Which filesystem does the test run on? There are certain filesystems that fall back to regular I/O when O_DIRECT is not supported and of course the non-aligned cases does work fine with regular I/O, we already skip NFS, BTRFS and FUSE for the tests that are failing here, so perhaps we just need to add another special case there.

Bad916 commented 1 year ago

测试在哪个文件系统上运行?当不支持 O_DIRECT 时,某些文件系统会回退到常规 I/O,当然非对齐的情况在常规 I/O 下也能正常工作,我们已经跳过 NFS、BTRFS 和 FUSE 以进行此处失败的测试,所以也许我们只需要在那里添加另一个特例。

F2FS

metan-ucw commented 1 year ago

Looking at F2FS source code it indeed falls back to buffered I/O in cases that buffer or length is not aligned, see:

https://github.com/torvalds/linux/blob/master/fs/f2fs/file.c#L4242

So we indeed need to skip F2FS in these few cases. Will you send a patch?

metan-ucw commented 1 year ago

And looks like I've spoken too soon. That code only fall backs if request is aligned to logical block size and not filesystem block size, the diotest4 for test 3 we pass buffer size = 1, which is not aligned by any means and the same for the test 14 where we pass buffer address that is one off the aligned address. So I have no idea why this does not fail.

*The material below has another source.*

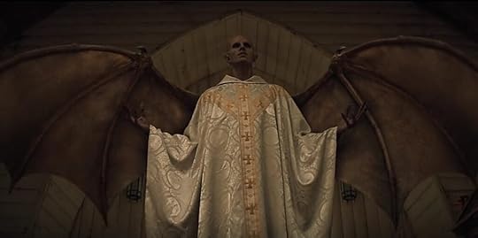 The arrival of Father Paul (played by Hamish Linklater) sets the story in motion. Linklater gives an especially compelling performance as a charismatic, but darkly duplicitous figure. Running cover for Father Paul is Bev Keane, an incarnation of Mrs. Carmody if ever there was one. Carmody, if you remember, was the rabid religious fundamentalist of Stephen King’s “The Mist.” Such caricatures are common in film and Bev Keane fills the role admirably, protecting Father Paul’s sinister ministrations, framing Muslims as terrorists, and quoting Bible verses to suit her apocalyptic paranoia. But when miracles follow the priest’s arrival (healings and recoveries), the entire town is prompted to give heed to he (and Keane’s) zealotry.

Bad916 commented 1 year ago

And looks like I've spoken too soon. That code only fall backs if request is aligned to logical block size and not filesystem block size, the diotest4 for test 3 we pass buffer size = 1, which is not aligned by any means and the same for the test 14 where we pass buffer address that is one off the aligned address. So I have no idea why this does not fail.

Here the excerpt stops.